#### [Data to process]
>>>
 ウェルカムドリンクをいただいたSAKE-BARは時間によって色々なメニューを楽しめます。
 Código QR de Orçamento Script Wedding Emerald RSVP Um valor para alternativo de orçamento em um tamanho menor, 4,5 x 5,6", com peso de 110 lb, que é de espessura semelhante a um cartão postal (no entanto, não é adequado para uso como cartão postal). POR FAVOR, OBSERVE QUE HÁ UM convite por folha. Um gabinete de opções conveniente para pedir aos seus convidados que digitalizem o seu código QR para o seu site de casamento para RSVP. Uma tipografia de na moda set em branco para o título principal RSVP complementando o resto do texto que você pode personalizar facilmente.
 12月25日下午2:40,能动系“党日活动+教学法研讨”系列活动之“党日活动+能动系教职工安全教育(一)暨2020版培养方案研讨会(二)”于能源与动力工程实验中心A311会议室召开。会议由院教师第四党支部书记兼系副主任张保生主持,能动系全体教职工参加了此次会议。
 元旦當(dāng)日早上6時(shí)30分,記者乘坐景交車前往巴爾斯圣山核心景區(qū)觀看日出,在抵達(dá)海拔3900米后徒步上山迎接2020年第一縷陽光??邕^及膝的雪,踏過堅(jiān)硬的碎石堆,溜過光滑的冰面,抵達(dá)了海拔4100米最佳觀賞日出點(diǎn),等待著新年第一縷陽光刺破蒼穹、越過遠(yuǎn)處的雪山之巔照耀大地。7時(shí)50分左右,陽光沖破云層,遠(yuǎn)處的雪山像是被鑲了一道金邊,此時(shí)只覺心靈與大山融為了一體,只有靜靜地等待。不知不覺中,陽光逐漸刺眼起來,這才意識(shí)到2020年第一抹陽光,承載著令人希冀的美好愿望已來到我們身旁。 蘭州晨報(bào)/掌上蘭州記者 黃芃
<<<
>>>
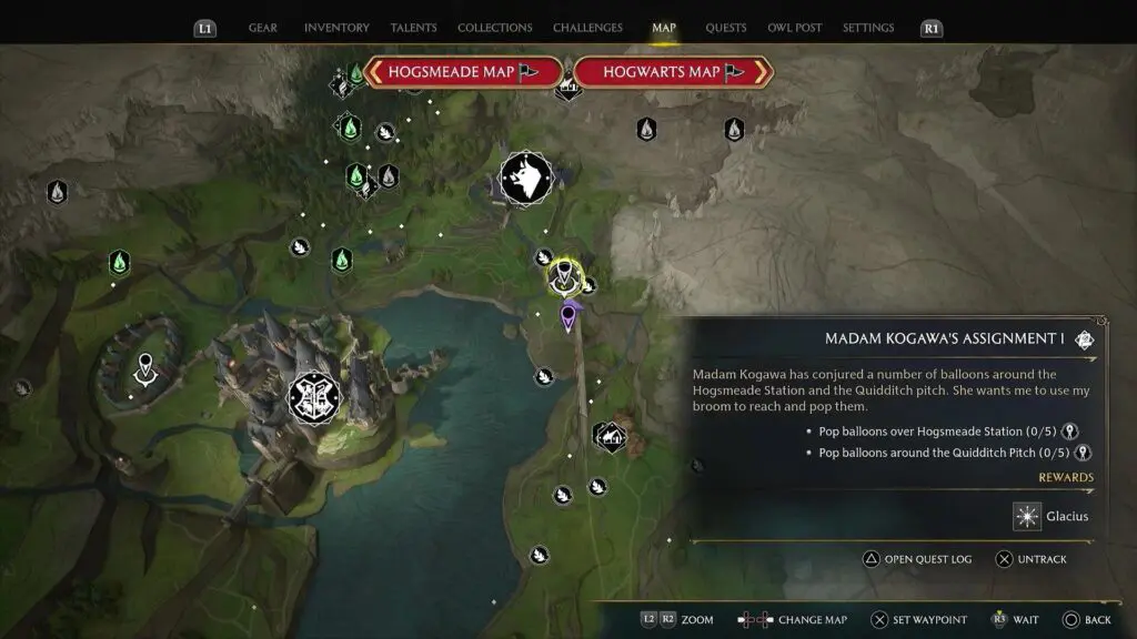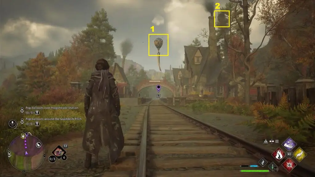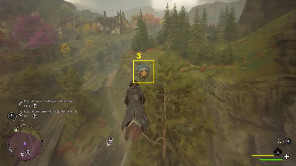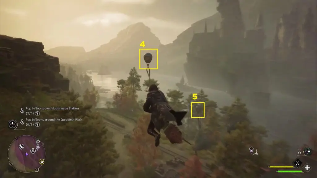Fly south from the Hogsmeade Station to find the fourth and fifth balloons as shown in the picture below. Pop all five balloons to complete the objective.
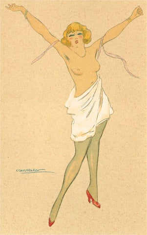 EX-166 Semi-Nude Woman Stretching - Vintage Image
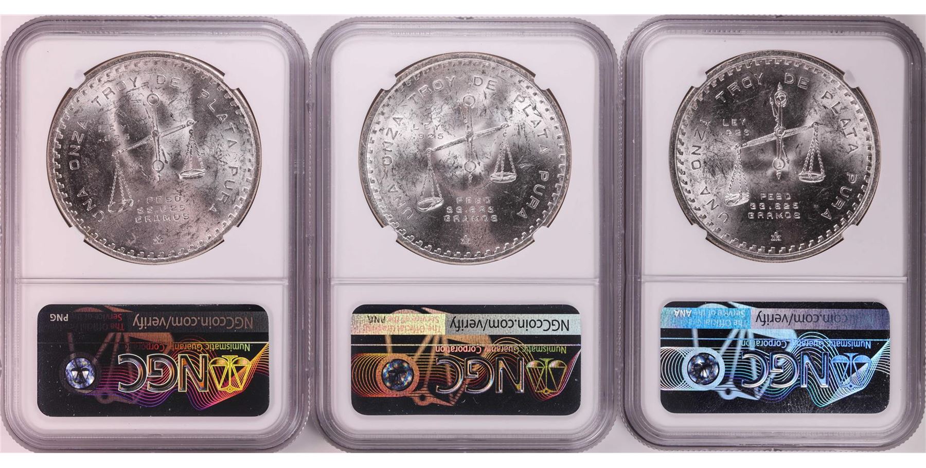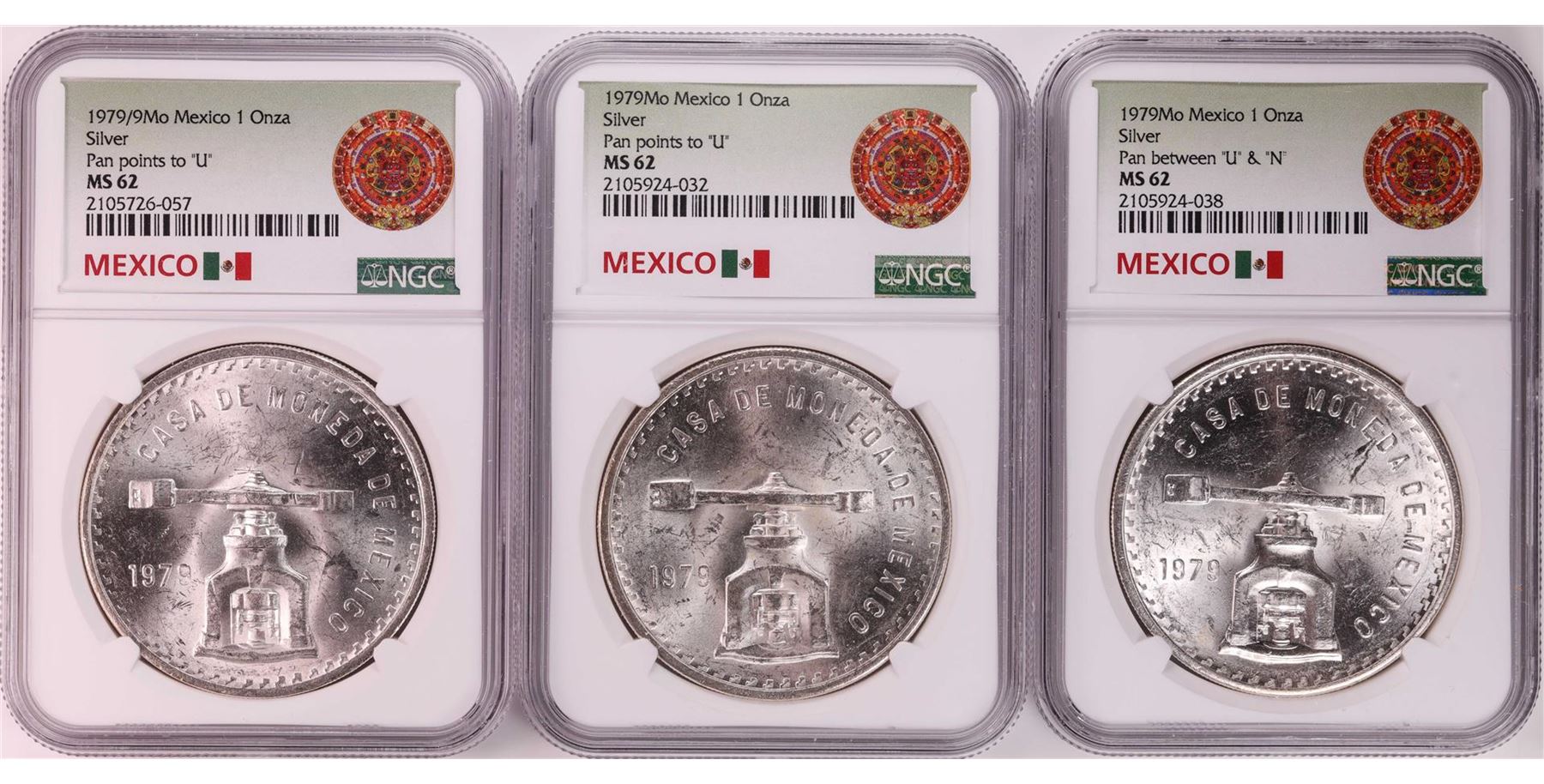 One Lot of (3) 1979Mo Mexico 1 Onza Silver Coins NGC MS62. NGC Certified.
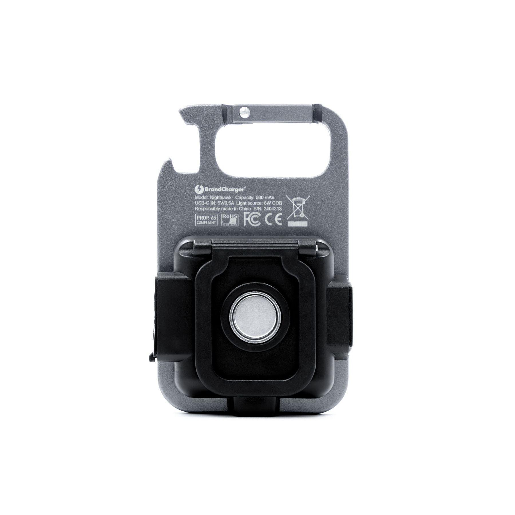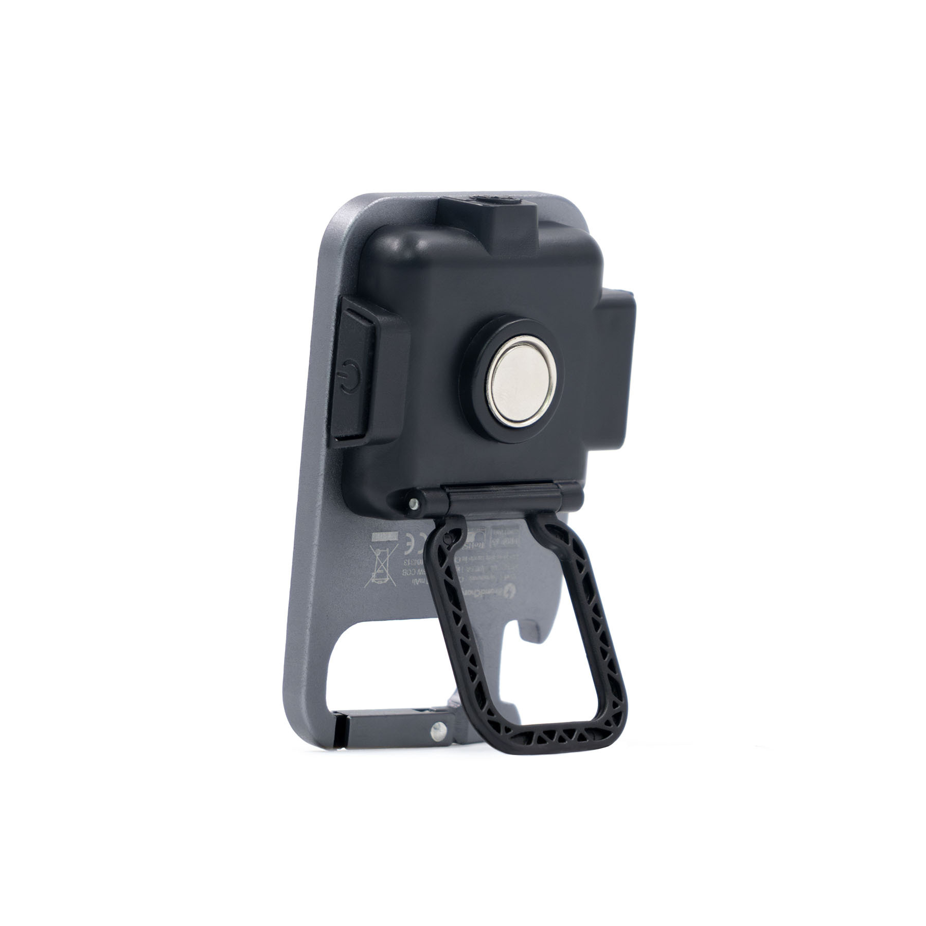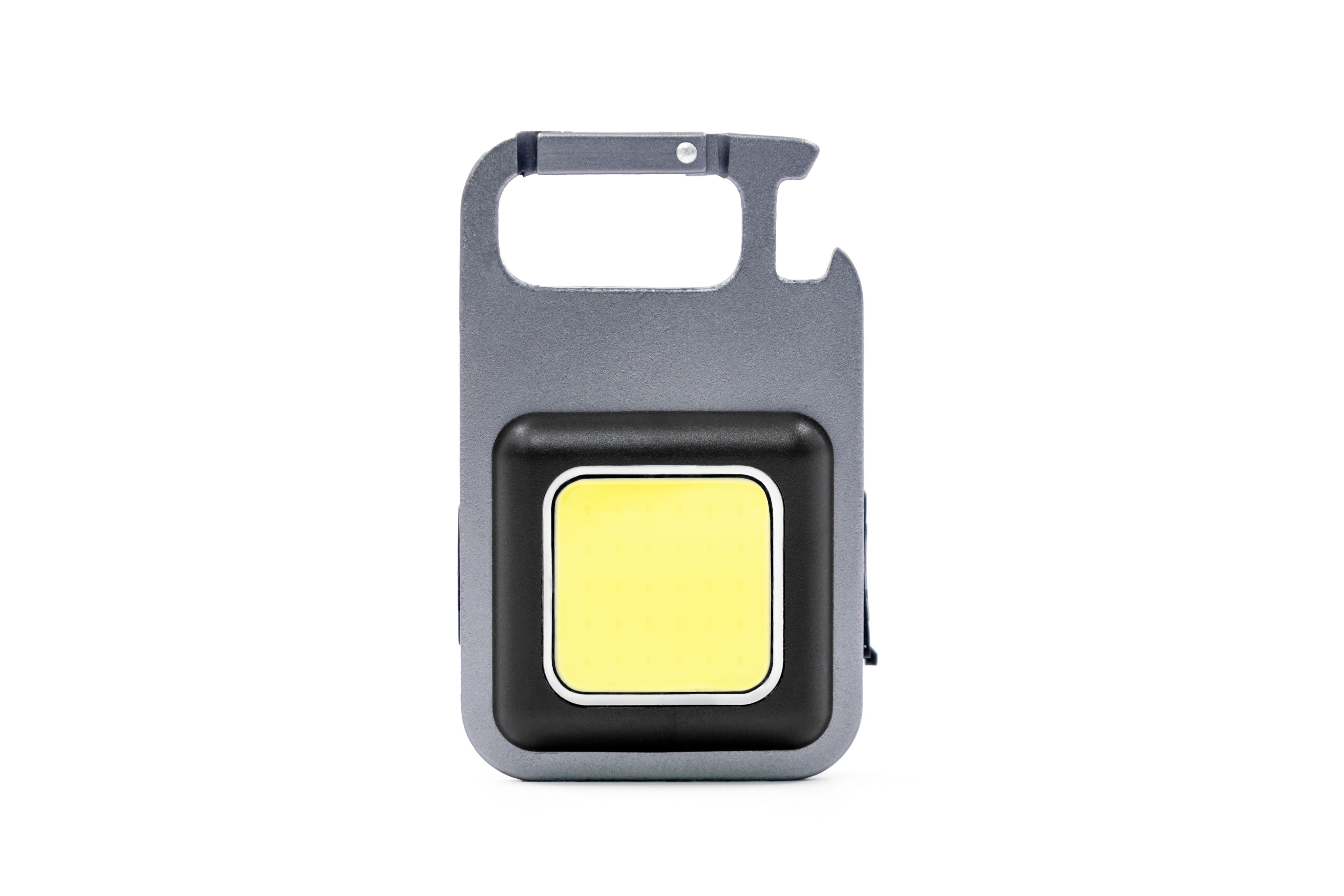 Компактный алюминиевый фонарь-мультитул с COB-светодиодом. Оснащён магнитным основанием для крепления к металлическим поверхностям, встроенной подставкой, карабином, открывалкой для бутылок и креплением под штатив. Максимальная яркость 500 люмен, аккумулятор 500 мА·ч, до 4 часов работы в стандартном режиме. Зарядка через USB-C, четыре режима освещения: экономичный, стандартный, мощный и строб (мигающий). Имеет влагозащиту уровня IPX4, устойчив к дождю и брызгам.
<<<
>>>
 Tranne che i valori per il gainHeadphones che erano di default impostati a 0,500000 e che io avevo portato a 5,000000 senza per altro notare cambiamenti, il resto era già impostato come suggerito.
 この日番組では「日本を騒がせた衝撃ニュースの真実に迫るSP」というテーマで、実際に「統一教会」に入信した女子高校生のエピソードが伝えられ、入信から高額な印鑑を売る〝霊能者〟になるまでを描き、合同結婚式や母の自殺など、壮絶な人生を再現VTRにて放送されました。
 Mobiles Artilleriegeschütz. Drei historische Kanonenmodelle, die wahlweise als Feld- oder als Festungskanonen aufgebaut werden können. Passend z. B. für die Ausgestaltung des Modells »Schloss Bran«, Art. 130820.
<<<
#### [What is expected]
Reply with the number of lines in the material above that contain "resto", and nothing more.

#### [Expected answer]
2